Department of Gastroenterology and Hepatology, Department of Health, Medicine, and Caring Sciences, Linköping University, SE-581 83 Linköping, Sweden.
Metabolism. 2021 Feb;115:154439. doi: 10.1016/j.metabol.2020.154439. Epub 2020 Nov 25.
Non-alcoholic fatty liver disease (NAFLD) is the most common chronic liver disease worldwide. Whether moderate alcohol consumption plays a role for progression of NAFLD is disputed. Moreover, it is not known which tool is ideal for assessment of alcohol consumption in NAFLD. This study aimed to evaluate if moderate alcohol consumption assessed with different methods, including the biological marker phosphatidylethanol (PEth), is associated with advanced fibrosis in NAFLD.
We conducted a cross-sectional study of patients with biopsy-proven NAFLD. All participants were clinically evaluated with medical history, blood tests, and anthropometric measurements. Alcohol consumption was assessed using PEth in blood, the questionnaire AUDIT-C, and clinical interview.
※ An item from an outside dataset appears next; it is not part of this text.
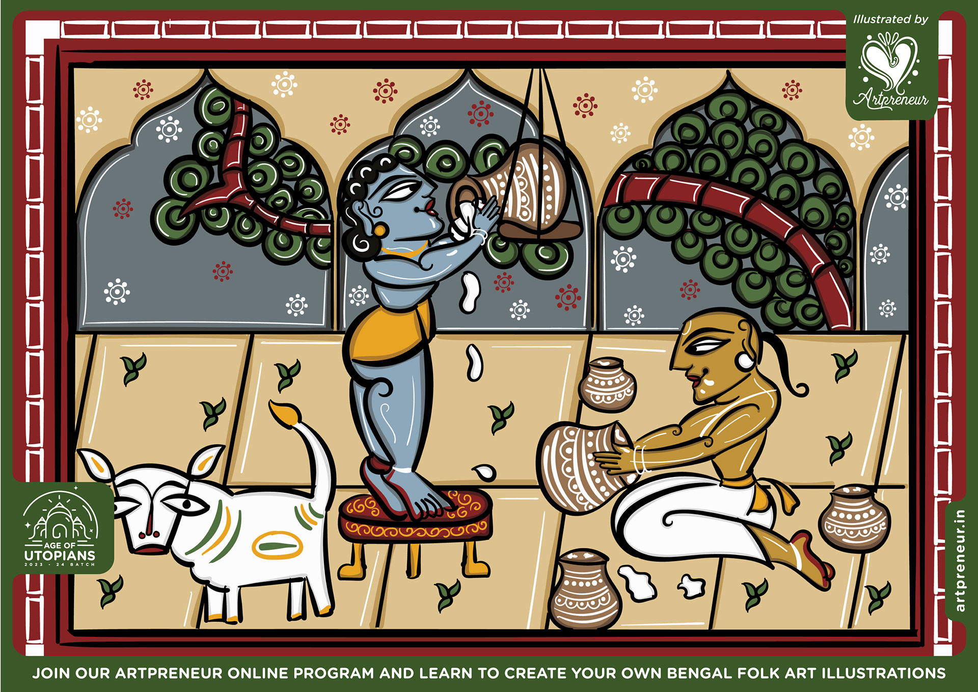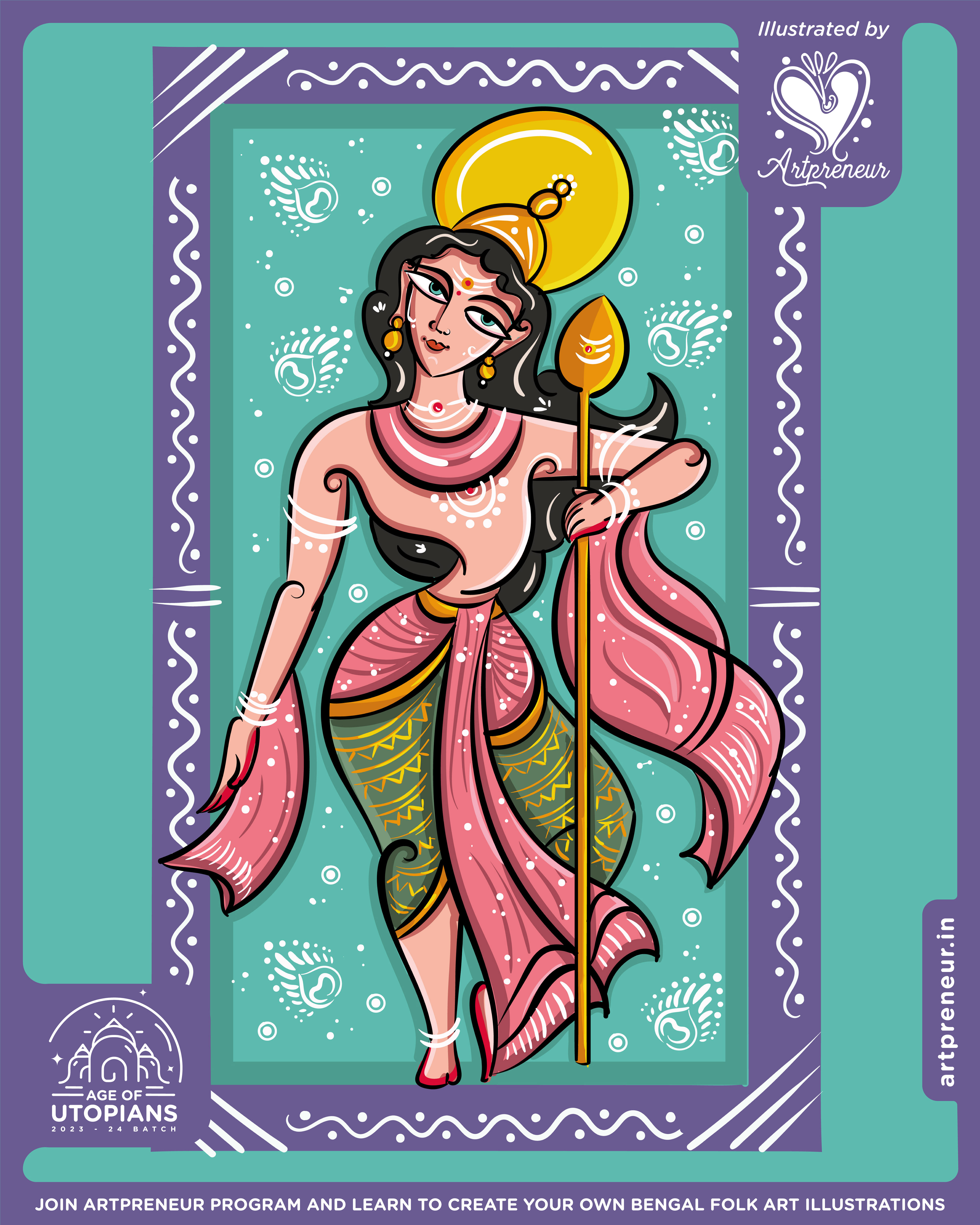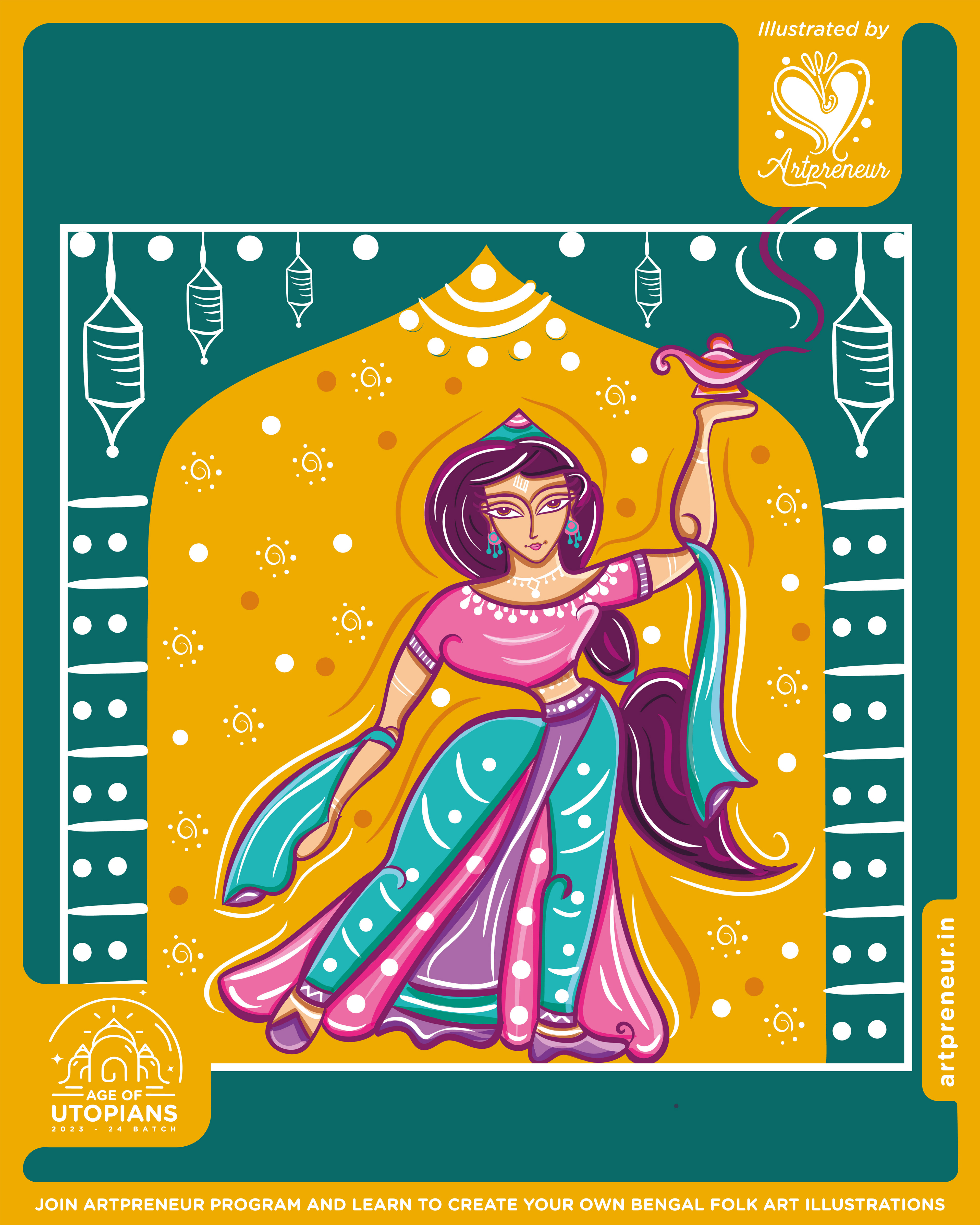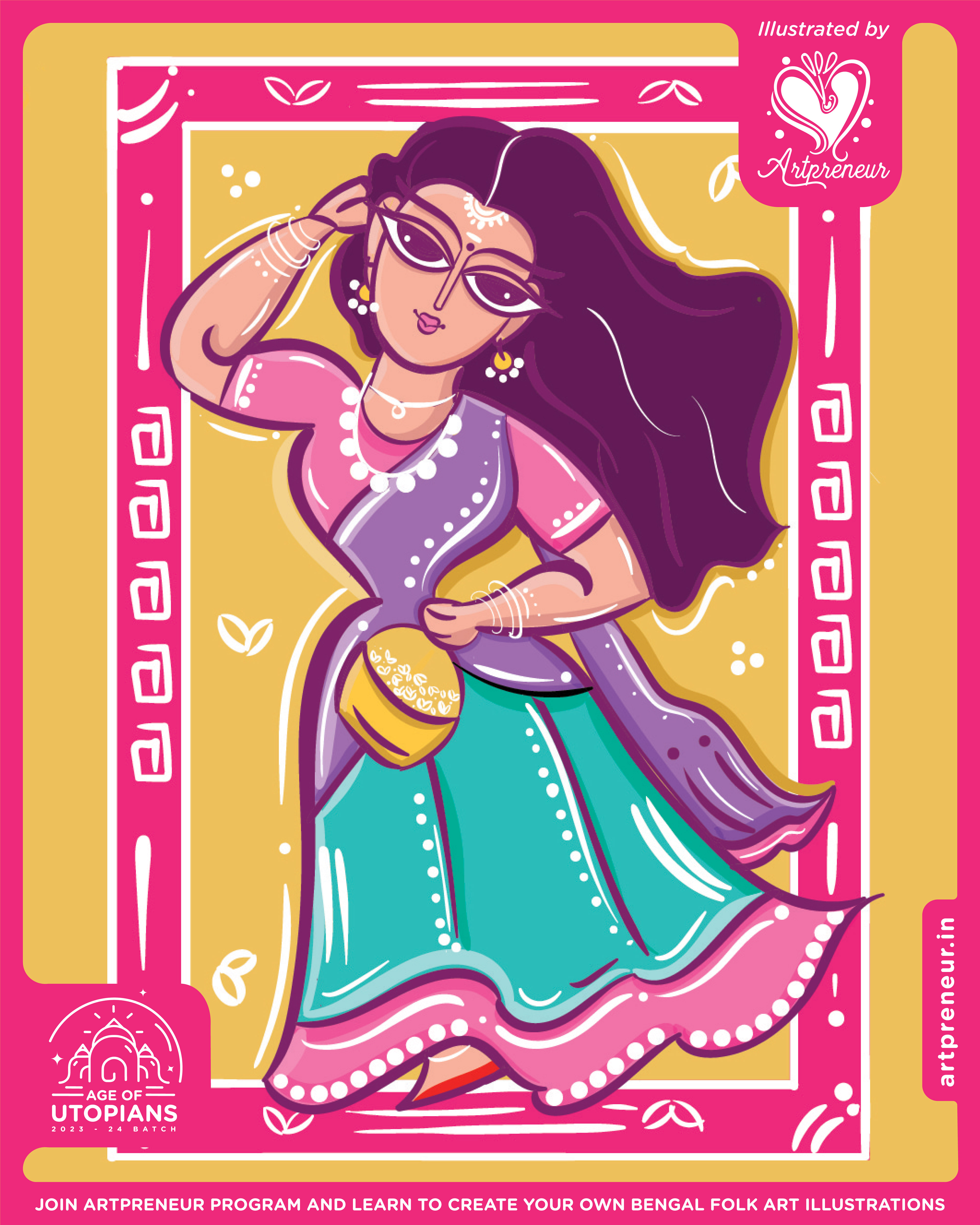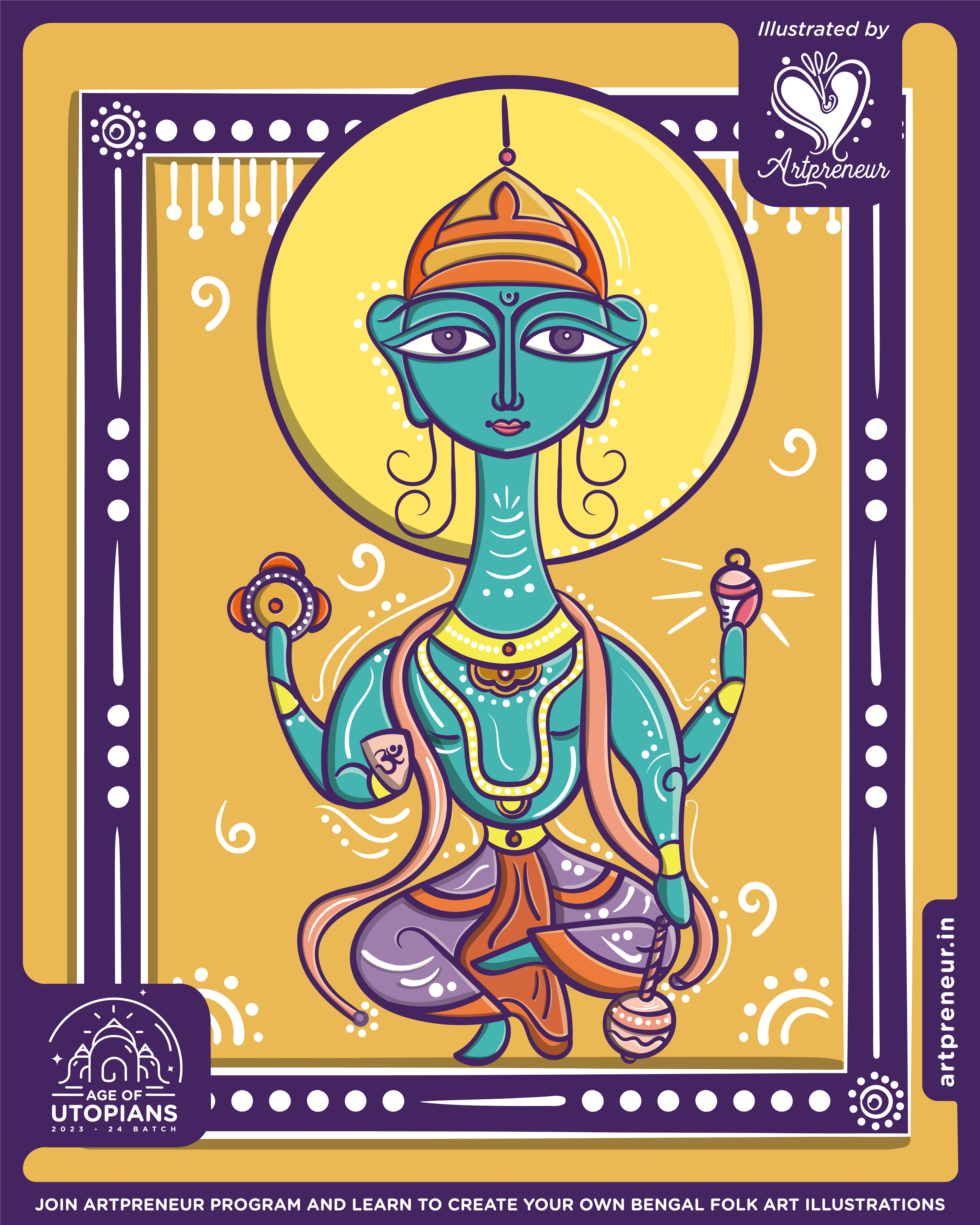 Step into the enchanting realm of Bengal Folk Art with these mesmerizing illustrations, a modern interpretation of the Bengal Pattachitra Art form from West Bengal. These stunning pieces have been created by the Age of Utopians Batch Students for the year 2023-24, who had no prior experience or knowledge in creating their own illustrations in Indian folk art forms.

86 patients were included of which 17% had advanced fibrosis. All participants reported alcohol consumption < 140 g/week. Average weekly alcohol consumption was higher in the group with advanced fibrosis. Moderate alcohol consumption, independently of the method of assessment, was associated with increased probability of advanced fibrosis (adjusted OR 5.5-9.7, 95% CI 1.05-69.6). Patients with type 2 diabetes mellitus (T2DM) consuming moderate amounts of alcohol had a significantly higher rate of advanced fibrosis compared with those consuming low amounts (50.0-60.0% vs. 3.3-21.6%, p < 0.05).
Moderate alcohol consumption, irrespective of assessment method (clinical interview, AUDIT-C, and PEth), was associated with advanced fibrosis. PEth in blood ≥ 50 ng/mL may be a biological marker indicating increased risk for advanced fibrosis in NAFLD. Patients with T2DM consuming moderate amounts of alcohol had the highest risk of advanced fibrosis, indicating a synergistic effect of insulin resistance and alcohol on the histopathological progression of NAFLD.
非酒精性脂肪性肝病(NAFLD)是全球最常见的慢性肝病。适量饮酒是否会导致 NAFLD 进展仍存在争议。此外,目前尚不清楚哪种工具最适合评估 NAFLD 患者的饮酒量。本研究旨在评估使用不同方法(包括生物标志物乙醇膦酸酯(PEth))评估的适量饮酒是否与 NAFLD 中的晚期纤维化有关。
我们对经活检证实为 NAFLD 的患者进行了横断面研究。所有参与者均接受了病史、血液检查和人体测量学评估。使用血液中的 PEth、AUDIT-C 问卷和临床访谈评估饮酒量。
共纳入 86 例患者,其中 17%的患者存在晚期纤维化。所有参与者均报告每周饮酒量<140g。晚期纤维化组的平均每周饮酒量较高。独立于评估方法,适量饮酒与晚期纤维化的发生概率增加相关(调整后的 OR 5.5-9.7,95%CI 1.05-69.6)。与低量饮酒者相比,患有 2 型糖尿病(T2DM)且适量饮酒的患者晚期纤维化发生率显著更高(50.0-60.0%比 3.3-21.6%,p<0.05)。
无论评估方法(临床访谈、AUDIT-C 和 PEth)如何,适量饮酒均与晚期纤维化相关。血液中 PEth≥50ng/ml 可能是预示 NAFLD 晚期纤维化风险增加的生物标志物。患有 T2DM 且适量饮酒的患者晚期纤维化风险最高,表明胰岛素抵抗和酒精对 NAFLD 组织病理学进展有协同作用。